According to research published in the British Medical Journal (BMJ), 48 cancer treatments were approved during this period for 68 different uses.
Yet just over one-third (35 per cent) of these drugs had shown evidence of increasing survival for cancer patients and the majority for just an average of three months, if not less.
Meanwhile, just ten per cent of the approved treatments had demonstrated any signs of improving patients' quality of life, raising questions as to why they were approved in the first place and whether they are really the best option for terminally-ill individuals.
Emma Greenwood, director of policy at Cancer Research UK, explained that the findings of the study are important, but may not necessarily represent the approvals system in the UK.
After the European Medicines Agency (EMA) has granted its approval to a drug, it then has to also meet the requirements of the National Institute of Health and Care Excellence (NICE) before it can be used routinely on the NHS.
Meanwhile, those drugs that are not approved by NICE after coming through the EMA are sometimes made available via the Cancer Drugs Fund (CDF). Although this scheme offered little in the way of monitoring in its early days, reforms in 2016 mean that patients can now access drugs while their benefits are evaluated.

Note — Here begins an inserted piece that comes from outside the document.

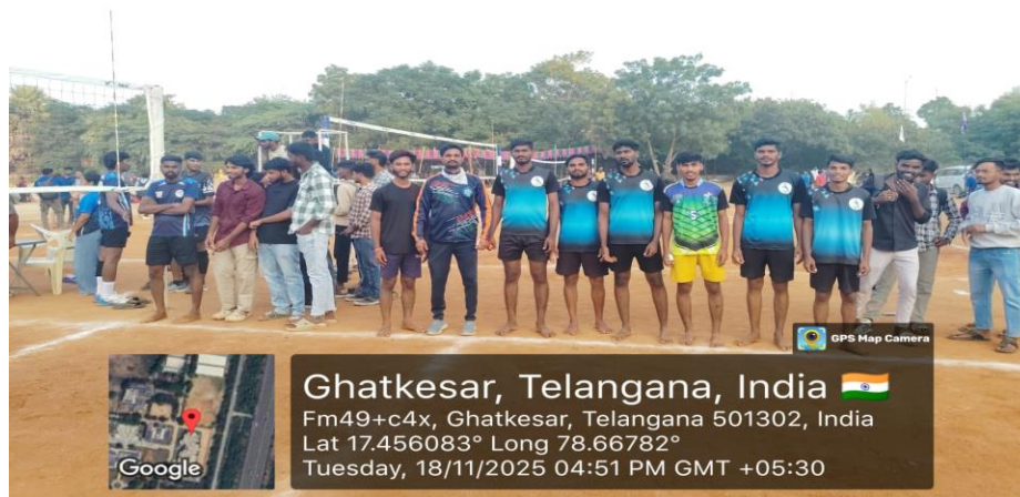
VOLLEY BALL AND KABADDI TORUNAMNETS

SMSK College looks forward to continuing active participation in similar inter-collegiate sports festivals in the future.

Other drugs, such as immunotherapies, are the first of their kind, which again means there is little evidence of their effectiveness just yet, which may have also adversely affected the results of the BMJ study.
Ms Greenwood added: "The study does highlight the importance of using real-world evidence from patients, on top of data from clinical trials, to build our understanding of how drugs work in a real-life setting.
"We're already starting to see this happen through the CDF in England, where patients can access promising new drugs while more data is collected on their effectiveness. This type of evidence is becoming increasingly important."